Annual and transition report of foreign private issuers [Sections 13 or 15(d)]

Subsequent event

v3.26.1
Subsequent event
12 Months Ended
Dec. 31, 2025
Subsequent event  
Subsequent event

19.Subsequent event

On October 15, 2025, the Company entered into a binding term sheet (the “Term Sheet”) to acquire a Renal Anti-Fibrotic Therapeutic Program from Vectus Biosystems Limited, an Australian Securities Exchange listed company (“Vectus”). The program includes a novel new chemical entity, VB4-P5, along with its associated intellectual property, regulatory documentation, and manufacturing data. The Term Sheet provides for the Company to acquire from Vectus the intellectual property specifically related to the VB4-P5 compound and the data generated by Vectus from its work on the VB4-P5 small molecule and related assets. The consideration receivable by Vectus is $3,000,000, payable in common shares of the Company at a deemed issue price of $0.86 per common share (the “Issue Price”), with the Issue Price subject to adjustment in certain circumstances. The Company has agreed to pay a cash finders’ fee of the greater of 5% of the transaction value or $250,000.

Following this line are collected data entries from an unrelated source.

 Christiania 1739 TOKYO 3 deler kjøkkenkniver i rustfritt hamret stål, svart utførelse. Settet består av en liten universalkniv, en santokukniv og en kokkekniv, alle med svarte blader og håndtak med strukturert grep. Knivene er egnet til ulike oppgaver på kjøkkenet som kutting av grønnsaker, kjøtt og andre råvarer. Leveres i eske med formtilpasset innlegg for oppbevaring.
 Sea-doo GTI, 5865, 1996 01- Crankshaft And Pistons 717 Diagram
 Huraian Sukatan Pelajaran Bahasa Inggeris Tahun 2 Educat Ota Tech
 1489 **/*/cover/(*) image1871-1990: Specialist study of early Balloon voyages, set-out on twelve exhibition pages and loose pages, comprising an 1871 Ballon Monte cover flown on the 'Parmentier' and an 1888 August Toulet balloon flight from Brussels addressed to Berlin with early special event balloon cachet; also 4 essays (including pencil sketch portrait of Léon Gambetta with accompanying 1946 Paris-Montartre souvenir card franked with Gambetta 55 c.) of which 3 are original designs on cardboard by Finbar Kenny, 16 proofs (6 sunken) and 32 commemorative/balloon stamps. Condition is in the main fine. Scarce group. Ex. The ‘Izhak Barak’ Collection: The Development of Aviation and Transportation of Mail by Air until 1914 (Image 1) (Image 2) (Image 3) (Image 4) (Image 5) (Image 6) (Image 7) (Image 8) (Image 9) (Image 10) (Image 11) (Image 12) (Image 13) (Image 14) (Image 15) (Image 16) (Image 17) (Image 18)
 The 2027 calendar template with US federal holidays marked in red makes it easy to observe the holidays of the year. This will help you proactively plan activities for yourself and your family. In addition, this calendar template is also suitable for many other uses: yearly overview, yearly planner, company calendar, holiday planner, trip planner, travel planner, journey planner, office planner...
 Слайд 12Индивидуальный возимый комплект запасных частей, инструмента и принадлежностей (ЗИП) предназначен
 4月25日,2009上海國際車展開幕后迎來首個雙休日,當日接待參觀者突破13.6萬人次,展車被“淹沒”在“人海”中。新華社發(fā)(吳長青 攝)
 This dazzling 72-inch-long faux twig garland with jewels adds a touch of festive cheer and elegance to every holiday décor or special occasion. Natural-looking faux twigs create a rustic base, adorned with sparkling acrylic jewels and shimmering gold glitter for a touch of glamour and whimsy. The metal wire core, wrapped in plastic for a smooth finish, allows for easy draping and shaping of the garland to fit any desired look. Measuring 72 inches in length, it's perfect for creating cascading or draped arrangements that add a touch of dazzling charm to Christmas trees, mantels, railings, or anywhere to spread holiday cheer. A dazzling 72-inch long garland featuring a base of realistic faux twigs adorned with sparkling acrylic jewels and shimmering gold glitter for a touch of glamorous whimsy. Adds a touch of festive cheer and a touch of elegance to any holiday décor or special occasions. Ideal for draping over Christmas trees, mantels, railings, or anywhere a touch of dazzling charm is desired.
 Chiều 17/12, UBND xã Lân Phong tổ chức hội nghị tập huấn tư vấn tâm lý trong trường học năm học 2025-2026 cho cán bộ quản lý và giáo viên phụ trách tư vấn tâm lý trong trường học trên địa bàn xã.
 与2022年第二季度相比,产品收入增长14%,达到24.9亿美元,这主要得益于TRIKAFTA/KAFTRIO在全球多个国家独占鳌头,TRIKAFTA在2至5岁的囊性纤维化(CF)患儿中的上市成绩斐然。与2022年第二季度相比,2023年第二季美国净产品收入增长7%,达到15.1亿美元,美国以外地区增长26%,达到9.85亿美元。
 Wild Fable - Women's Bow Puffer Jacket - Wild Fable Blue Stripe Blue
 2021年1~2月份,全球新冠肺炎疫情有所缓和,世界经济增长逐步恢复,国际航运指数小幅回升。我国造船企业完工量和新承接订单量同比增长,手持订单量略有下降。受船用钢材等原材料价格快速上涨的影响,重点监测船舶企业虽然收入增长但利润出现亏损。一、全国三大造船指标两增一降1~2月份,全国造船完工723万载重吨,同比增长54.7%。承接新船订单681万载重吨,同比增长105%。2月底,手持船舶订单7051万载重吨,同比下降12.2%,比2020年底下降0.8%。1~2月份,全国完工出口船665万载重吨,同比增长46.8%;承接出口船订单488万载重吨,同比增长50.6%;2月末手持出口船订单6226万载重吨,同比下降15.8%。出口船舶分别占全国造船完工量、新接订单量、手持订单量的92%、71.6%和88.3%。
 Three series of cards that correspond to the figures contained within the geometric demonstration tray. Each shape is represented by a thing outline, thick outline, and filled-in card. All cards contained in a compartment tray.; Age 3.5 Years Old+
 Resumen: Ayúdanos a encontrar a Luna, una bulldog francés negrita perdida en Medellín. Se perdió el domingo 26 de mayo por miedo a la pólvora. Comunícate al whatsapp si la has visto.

The Term Sheet is subject to finalization of closing documentation, satisfaction of conditions that are typical for a transaction of this type including receipt of all regulatory approvals, and compliance with applicable stock exchange requirements and applicable securities laws. Closing of the acquisition will occur no more than 90 days from the execution of the Term Sheet. If the Term Sheet is terminated or closing does not occur, other than as a result of a breach of the Term Sheet by Vectus, then the Company shall issue to Vectus $50,000 of common shares at the Issue Price.

Pursuant to the binding term sheet that was entered into between XORTX and Vectus, closing is to occur no later than 90 days post signing, being January 13, 2026.

On January 13, 2026, the Company entered into an extension agreement with Vectus to extend the closing date to March 31, 2026.

As of December 31, 2025, the Company had incurred $293,803 of deferred acquisition costs in connection with this transaction, which includes $200,000 towards the finders’ fee.

On February 4, 2026, the Company issued 20,000 options to purchase common shares of the Company to a director. The options are exercisable at a price of CAD $0.69 per common share and expire five years from the date of grant.